RV: MGPP

From Juhé, Albert
DateFri, 24 Jan 2003 09:24:11 +0100
Subject RV: MGPP
Thanks for your reply Katherine Don,

We have finished the first release of mgpp, this version is without NEAR and
support: Multicollection, wildcards, and the operator >, >=, <, <=. All
developed in C++ using STL. The Querier that we have build accept SQL
language (a little version), doing queries versus diferent indexes at the
same time.

In the first Release we have this results:
SELECT text = "le*" 9,01 seconds and retrieve 363244 documents of 384512. In
a PII-200 with 48Mb.

If you are insteresed I can send us a copy of the project.
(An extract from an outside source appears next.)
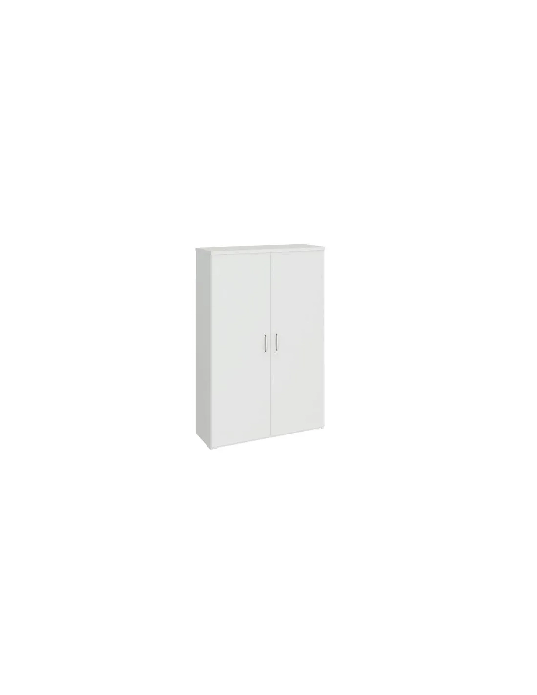 Armario alto excellens extra ancho, estructura de paneles de partículas melaminadas con cuatro baldas metálicas 3 regulable en altura y 1 fija Armario alto con puertas, Medidas totales : Alt 182 x An 120 x Fon 46 cm. Utiles : An 116 x Fon 41 cm. Armario alto con puertas batientes y 2 juegos de llaves con cuatro estantes metálicos adaptados para carpetas colgantes, capacidad para 464 carpetas
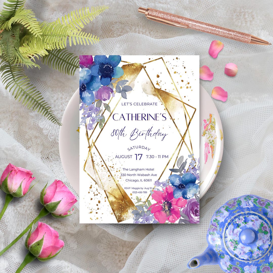 Printable 80th Birthday Party Invitation Digital Template Watercolor

The second Release will be with NEAR, implemented like Managing Gigabytes
say, more and less.

We will buid another index file, where we store the offset of every word in
the document,(third level of index file).

The scheme that we have think is:

In the invert file we add a pointer, we store: number of document +
ptr_offset_file, number of document + ptr_offset_file,...

In the offset file we store:

length_to_read (buffer size) + offset1, offset2, ... - Applying the numbers
compresión used in mgpp Elias Gamma, delta,...

With this implementation, the exact queries are fast like mg, because if you
don't need NEAR, despise the pointer ptr_offset_file. Obviously the index
files are more large.

We have created a config file, for buildind collections, where you can
configure if you want NEAR, stem indexes, weight indexes,...

We think that this is a good implementation but we're sure. We will explain
the results of this.
Thanks for all, I have learned very much with yours project mg, and mgpp.